HA-JOON CHANG: Caveat Emptor!
Known through his Guardian
contributions but also for his bestseller 23 Things They Don’t Tell You About
Capitalism, Ha-Joon Chang is a lecturer in economics at Cambridge University. In
terms of theory he would appear to be something of a Left Keynesian, believing
that capitalism should be tempered by enlightened state intervention and
brought towards a more equitable society. Meanwhile, he is an engaging writer well-suited
to the task of providing Economics: The User’s Guide, a Pelican Introduction,
for the layperson (2014).
Up
to a point.
Amongst those he thanks in his Acknowledgements
are Leftwing and sometime fellow Guardian columnists Seumas Milne (now working
to get Corbyn’s Labour elected) and Aditya Chakrabortty, as well as eminent
Marxist economist and Leftwing Greek politician Costas Lapavitsas, author of
Profiting Without Producing (2013).
For all that, Ha-Joon Chang is
surprisingly ill-informed about Marx and Marxism, one of his thumbnail sketches
of all the various economic schools from Classic Political Economy to the
Austrian School, Keynesianism and Neo-Classicism, etc. For each, he weighs up
their various pros and cons. His verdict on Marxism: ‘Fatally flawed, but still
useful: theories of the firm, work, and technological progress.’
The worst flaw: ‘Above all, its
prediction that capitalism will collapse under its own weight has not come
true.’
Marx was not in the habit of ‘predicting’
anything, and certainly not that any capitalist ‘collapse’ is inevitable. Capital
will end with its expropriation from its owners by the proletariat, capital’s ‘gravediggers’,
but this is more of a threat and rallying-cry than a prediction. Otherwise capital as a system might linger
over a long period of time, but the proletariat is the only class or factor
that can destroy it. Marx was not a revolutionary activist for nothing. He saw
history as class struggle, and in our time the only means by which socialism
would come about. Marx did not predict when and where socialist revolution would come about. (In later life he
became interested in the revolutionary potential of the Russian peasantry and
even learned Russian from scratch to follow the literature more closely.)

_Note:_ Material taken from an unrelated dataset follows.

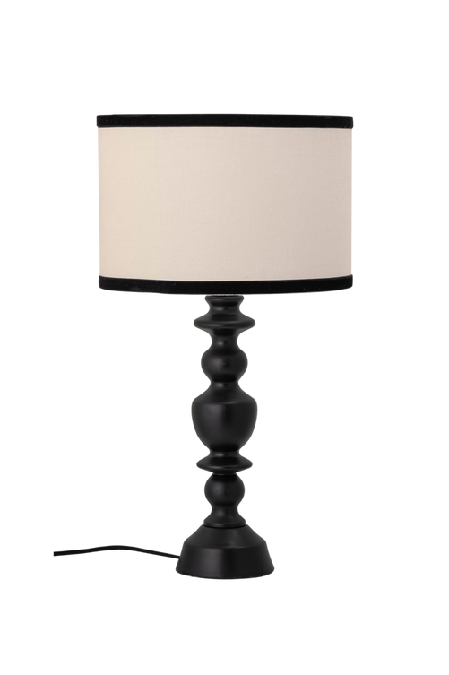 Light up your room with this retro looking lamp. The black edge around the lamp shade is made of soft printed black flock. The base is laquered dark rubberwoord and the mix of black and the natural but edgy linen color on the lampshade makes this lamp stand out in the room.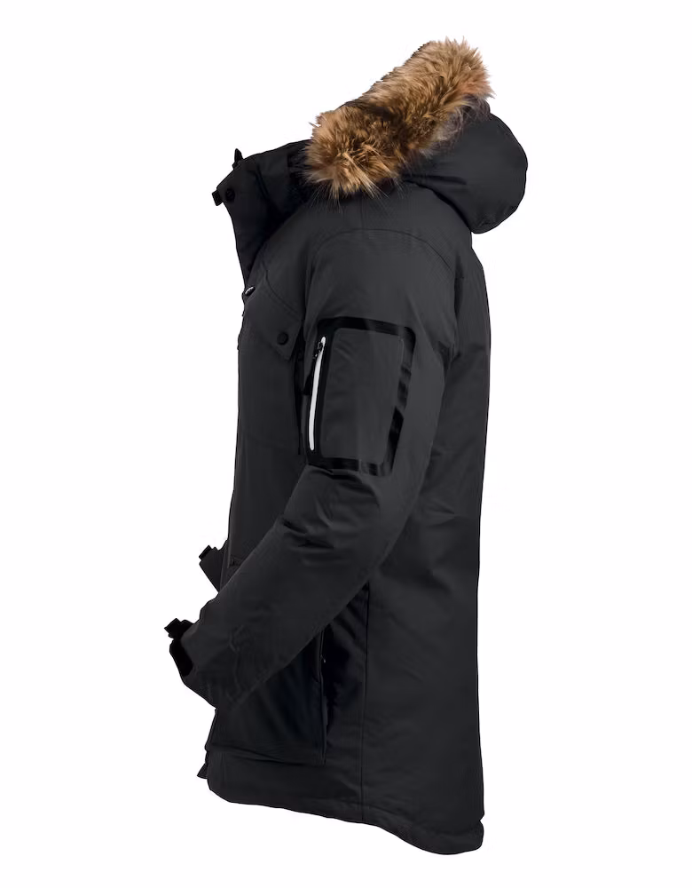 Clique Malamute är en varm och härlig jacka för de riktigt kalla dagarna. Jackan är unisexmodell med ribbade innermuddar i ärmslut, gummiklädda knappar och stora utanpåliggande fickor. Huva med fuskpäls, där både huva och päls kan tas av var för sig. Finns i två färger och unisexmodell.

Meanwhile, the idea that capitalism can destroy itself without class intervention
is contrary to Marx’s entire outlook. And such intervention is to be fought
for, not ‘predicted’. His critique of the capital system was to enable workers to understand its workings in its entirety: to fight your enemy, you must know it.
Chang: ‘The collapse of the socialist
bloc has revealed that the Marxian theory of how the alternative to capitalism
should be organised was highly inadequate. The list goes on.’ Not in this book.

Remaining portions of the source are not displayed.